During 20 years of investing in the region, the Schroders manager has reached some pretty clear views – and one of them is that you cannot successfully run an absolute return fund there.
Parbrook runs two funds that appear in our Asia Pacific equity analysis: the Schroder ISF Pacific Equity fund and the ISF Asian Total Return fund. The Total Return fund, which he co-manages with Lee King Fuei, has delivered the really eye-catching numbers and is now soft-closed but both funds have outperformed over three years.
‘Asian equities are traditionally a big roller coaster, they shoot up to three times price-to-book and everyone thinks everything’s wonderful, they collapse to one times price-to-book, which is what they’re doing at the moment, everything’s doom and gloom,’ he says.
This is quite a defined pattern, he explains, so his process aims to take the best bits of long-only or index-relative investing and combine them with absolute return techniques.
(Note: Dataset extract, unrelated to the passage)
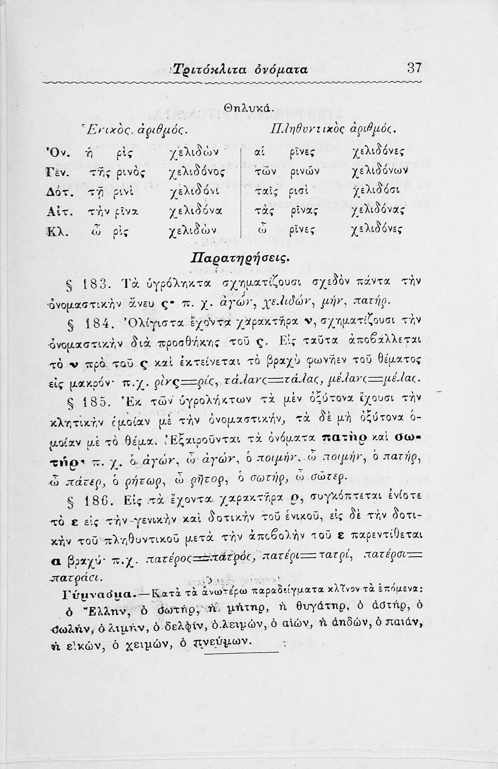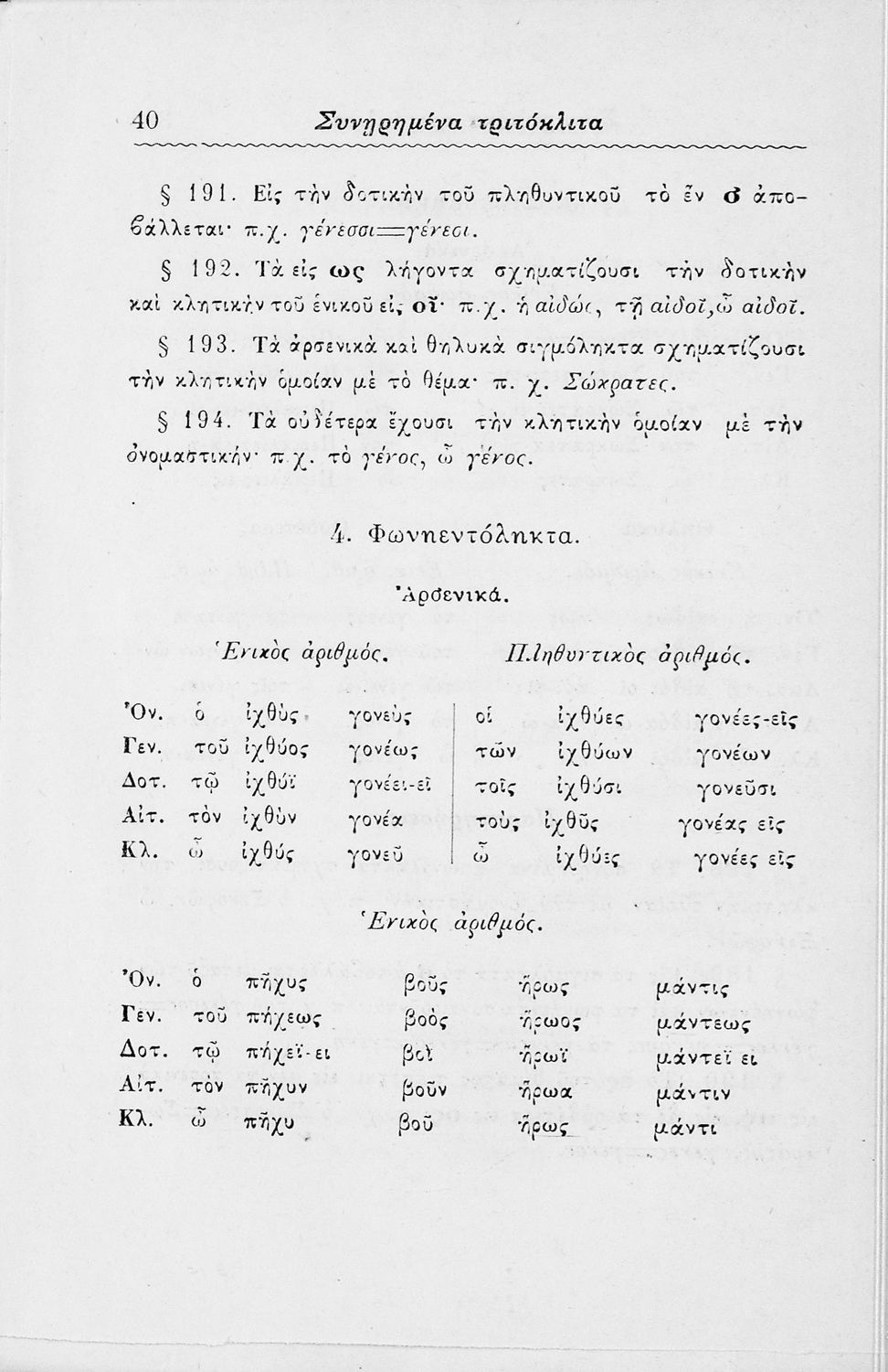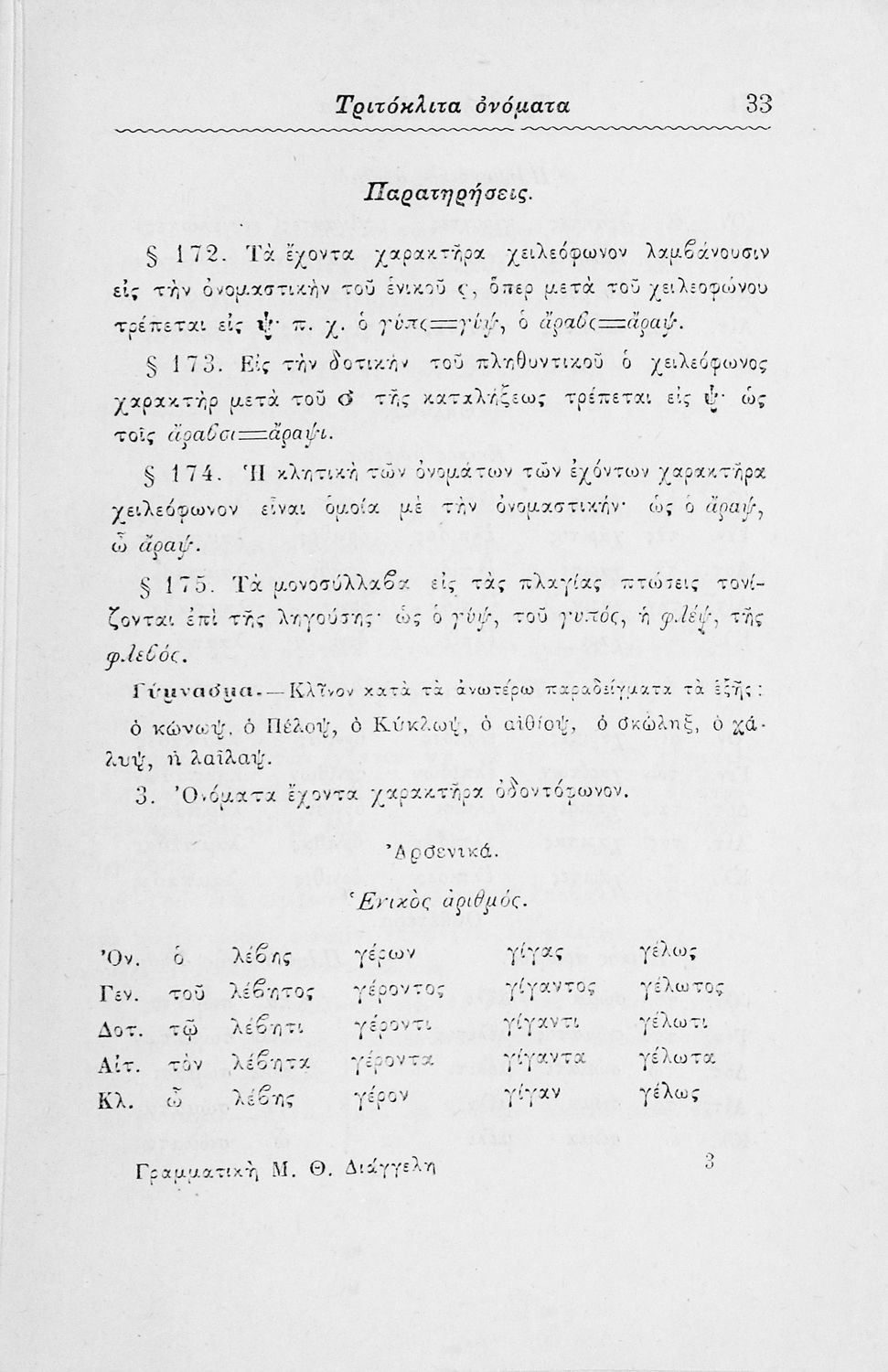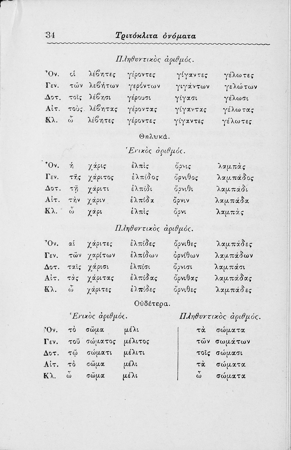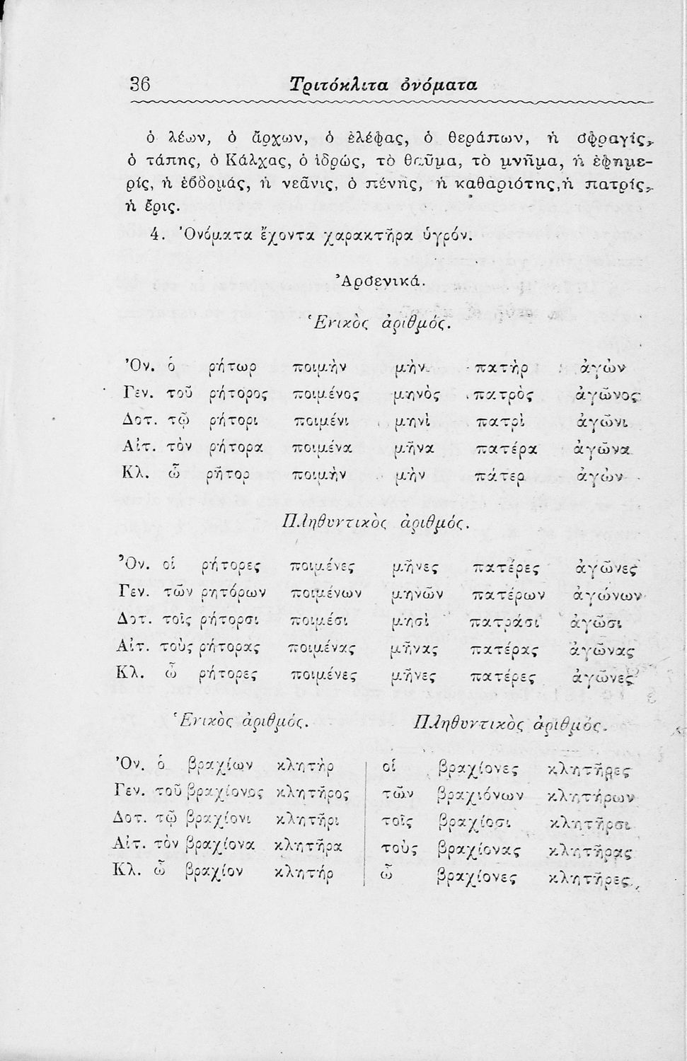 Σχολικό εγχειρίδιο Αρχαίων Ελληνικών Δημοτικού που περιλαμβάνει τους κανόνες γραμματικής και είναι χωρισμένο σε φθογγολογικό, τυπικό και ετυμολογικό μέρος.

So the Total Return label on his fund was very deliberately chosen.
‘The fund’s not called absolute return because in my view it’s impossible to run an absolute return fund in Asia,’ he says. ‘There’s a standard definition of absolute return we use in Schroders which I think is pretty much the industry one: there should be no material losses over rolling 12-month periods. In Asia you can’t deliver that without giving up all the upside, realistically, because you can’t short in many markets.’
Even in those markets where you can short, the availability of shorts is very limited and expensive, he says. ‘Asian equities is one of the most volatile asset classes in the world, you just can’t deliver absolute returns and no material losses. So we call it total return, or beta variable.’
Not rocket science
However you choose to describe it, no investment process should be rocket science, Parbrook believes. ‘An investment process is just the way in which you get your team to work together properly and hopefully get the best ideas synthesised into a portfolio,’ he says.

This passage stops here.